Несмотря на ночной сумрак, я видел, как их «гнали». Перед этим шел дождь, а почва была глинистая, и было смешно и жалко смотреть, как они шлепали и как ноги их волоклись и расползались по мокрой глине, причем где скользила и падала одна передняя пара – то же самое проделывали и все другие (351).

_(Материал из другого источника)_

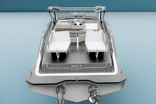 Designed for warm climates, the SK Renanda One features two fixed lounge beds that face aft over the swim platform and can double as facing sofas. Forward, under a hardtop, are bench seats either side of an adjustable table, a wet bar and a central helm seat. An open version without hardtop is also available.

Работая торговым представителем дядюшкиной компании, Лесков объездил российскую провинцию. Он писал сочувственные к народу романы и сатирические очерки об интеллигенции, которые создали ему скандальную репутацию. Но, оставаясь человеком практическим, он не забывал цитату, которую приписывал Генриху Гейне: «Кто любит народ, тот должен сводить его в баню».

Конэсер

Марлоу разговаривал с пассажирами на борту яхты как с равными. Он рассказывал им о том, кто стоял ниже их – черных людях в стране слоновой кости, – и о европейце-сверхчеловеке по имени Курц. История Марлоу необычна, но его собеседники и мы, читатели, верим ему. Другое дело – Иван Флягин, рассказчик в «Очарованном страннике» Лескова. По мере того как он рассказывает свою историю, случайные пассажиры все более недоверчиво относятся к нему и к тому, что он говорит. Тем не менее они продолжают слушать и вообще относятся к нему с цивилизованным интересом, – с большим любопытством, чем то, с которым Флягин относился к туземцам, среди которых ему пришлось жить. Исследователи характеризуют Флягина по-разному, от «русского супермена» (McLean 1977: 241) до «обычного русского человека» (Franklin 2004: 108). Он одет как монах-«черноризец», хотя на самом деле он – монастырский кучер. У него есть дар лошадника-конэсера, знатока и любителя лошадей; с людьми ему труднее, хотя по ходу своей истории он их тоже оценивает, покупает, бьет нагайкой, а иногда и любит так, как любят отменную лошадь. Разочарованные пассажиры постепенно распознают в нем самозванца (вспоминается история о том, как Владимир Даль разоблачил беглого крепостного, узнав по акценту, откуда он родом, – см. главу 8). Начавшись как разговор равных, история Флягина превращается во встречу европейцев с благородным дикарем.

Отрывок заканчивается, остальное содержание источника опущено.